Wollte mich mal wieder melden bezgl. Neuigkeiten zum Thema: "Border umdrehen" (falls mal jemand das selbe Problem hat):
Das haben wir (Frauchen + ich) beim letzten entlüften spontan in Angriff genommen. Als wir damit nach gefühlten 10 Minuten fertig waren, war ich ganz überrascht: Das ist wirklich gar nicht so schwer, wie man sich das vorstellt (und lief ganz ohne fluchen !
Border rausziehen dauert nur ein paar Sekunden. Dann mittig vom Kopfende her wieder eingefädelt.
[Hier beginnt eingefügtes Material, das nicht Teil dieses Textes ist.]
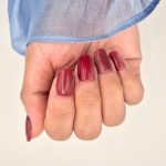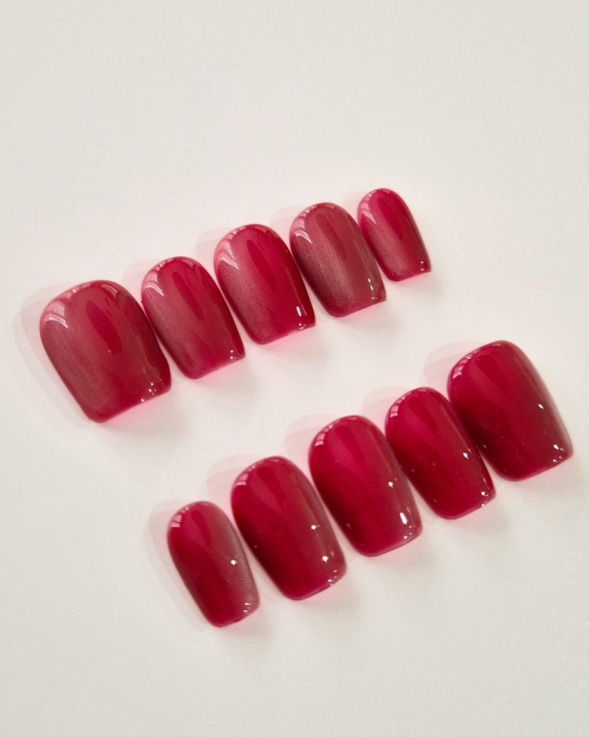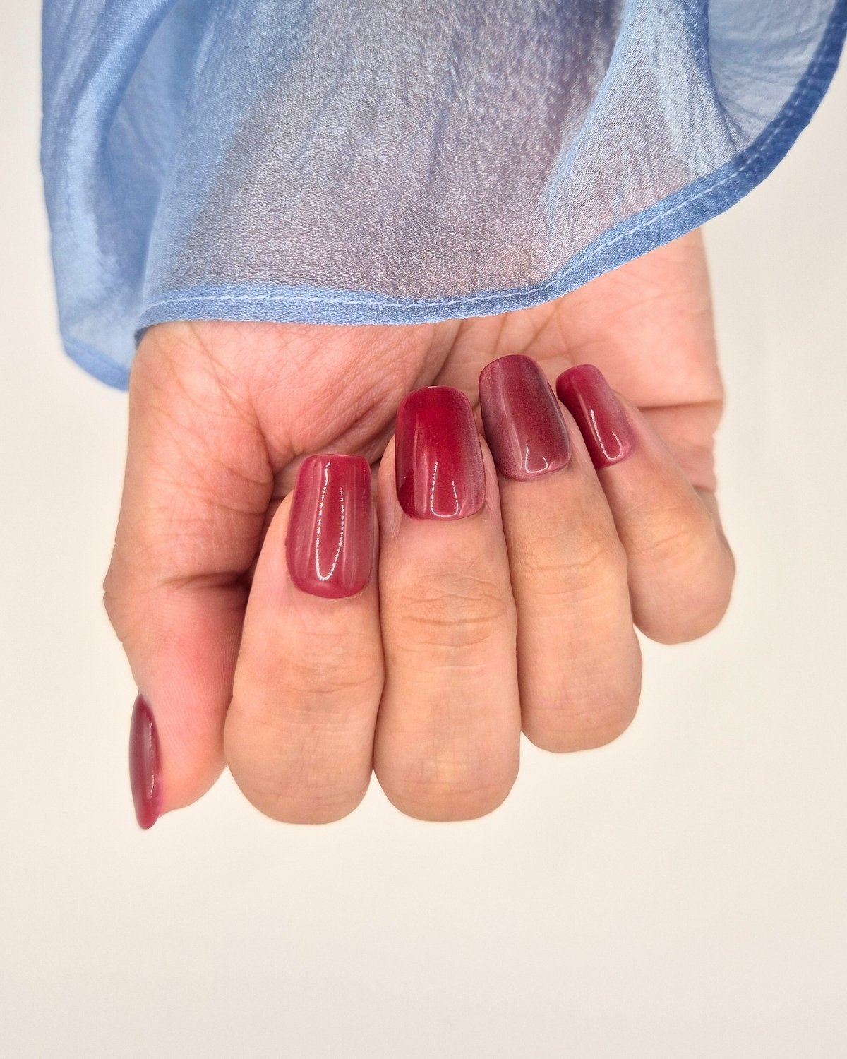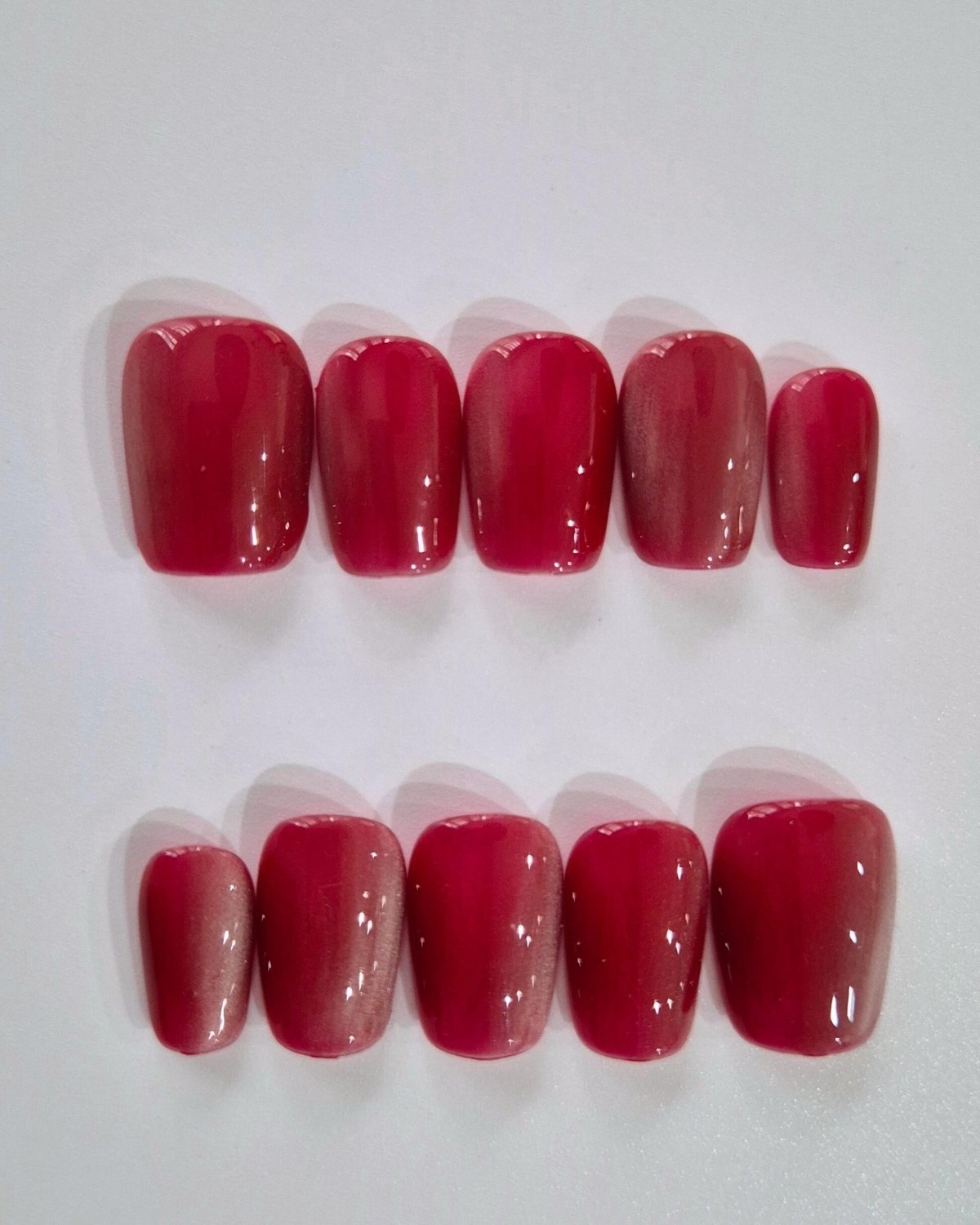 A cool-toned red with subtle cat-eye reflection. Polished, balanced, and timelessly chic.

Bei der letzten Ecke (am Fußende) muß man dann zwar beide Schaufstoffe etwas lösen und Richtung Mitte drücken, weil ja der Klettumfang kleiner als der Bettumfang ist, aber das wars dann auch schon!
Wenn sich also mal jemand beim Aufbau so dusselig anstellt wie ich - nur keine Hemmungen: Das kann man auch ohne 2. Person richten!
Übrigens kann ich Harmony bezüglich des falsch gelieferten Dekors einen echt guten Service attestieren: Der Verkäufer hat mir ganz ohne Zögern kostenlose Ersatzlieferung zugesagt, die wohl auch bald verschickt wird.
Zitat:
Außerdem scheint mir die Füllmenge so rein vom Bild her etwas wenig. Kann aber täuschen.
Ach ja: Frauchen und ich wiegen jeweils ca 95 kg. Ich bin 1,98 groß und Frau ist im 7. Monat! Wir haben bei der Erstbefüllung einfach ungefähr 1,5 - 1,8 cm bis zum Schaumstoffrand gelassen und fühlen uns seither pudelwohl im Bettchen.
Mit der Frage, ob man sich mit einer anderen Füllmenge noch pudelwohler fühlen kann, werde ich mich in absehbarer Zeit dennoch mal beschäftigen.
Das klingt ja alles bestens, danke auch fürs Feedback.
Zitat:
Mit der Frage, ob man sich mit einer anderen Füllmenge noch pudelwohler fühlen kann, werde ich mich in absehbarer Zeit dennoch mal beschäftigen.
Kann man...
Die optische/theoretische perfekte Einstellung unterscheidet sich zuweilen von der persönlichen perfekten Füllmenge. Und, die letztere ist die die zählt.
Ich schlafe auch mit weniger Füllmenge als man optisch als optimal bezeichnen würde besser. Andere brauchen zuweilen auch mehr. Da ist jeder ein wenig anders.
Wenn man mit dem Rücken keine Probleme hat, hat man bezüglich der Füllmenge natürlich einen größeren Spielraum. Bei uns im Bekanntenkreis gibt es einige Rückengeplagte und da ist es dann doch öfters so das der Rücken die Wassermenge bestimmt und nicht das persönliche Liegegefühl.
Aber auch wenn man mit dem Rücken keine Probleme hat ist irgendwann Schluß, wobei ich festgestellt habe das ich mich mit so wenig Wasser am wohlsten fühle das mein Rücken auch anfängt zu zwicken. Es ist zwar super weich vom Liegegefühl aber für die ganze Nacht dann doch nichts für den Rücken. Also ein Liter dazu und es passt perfekt.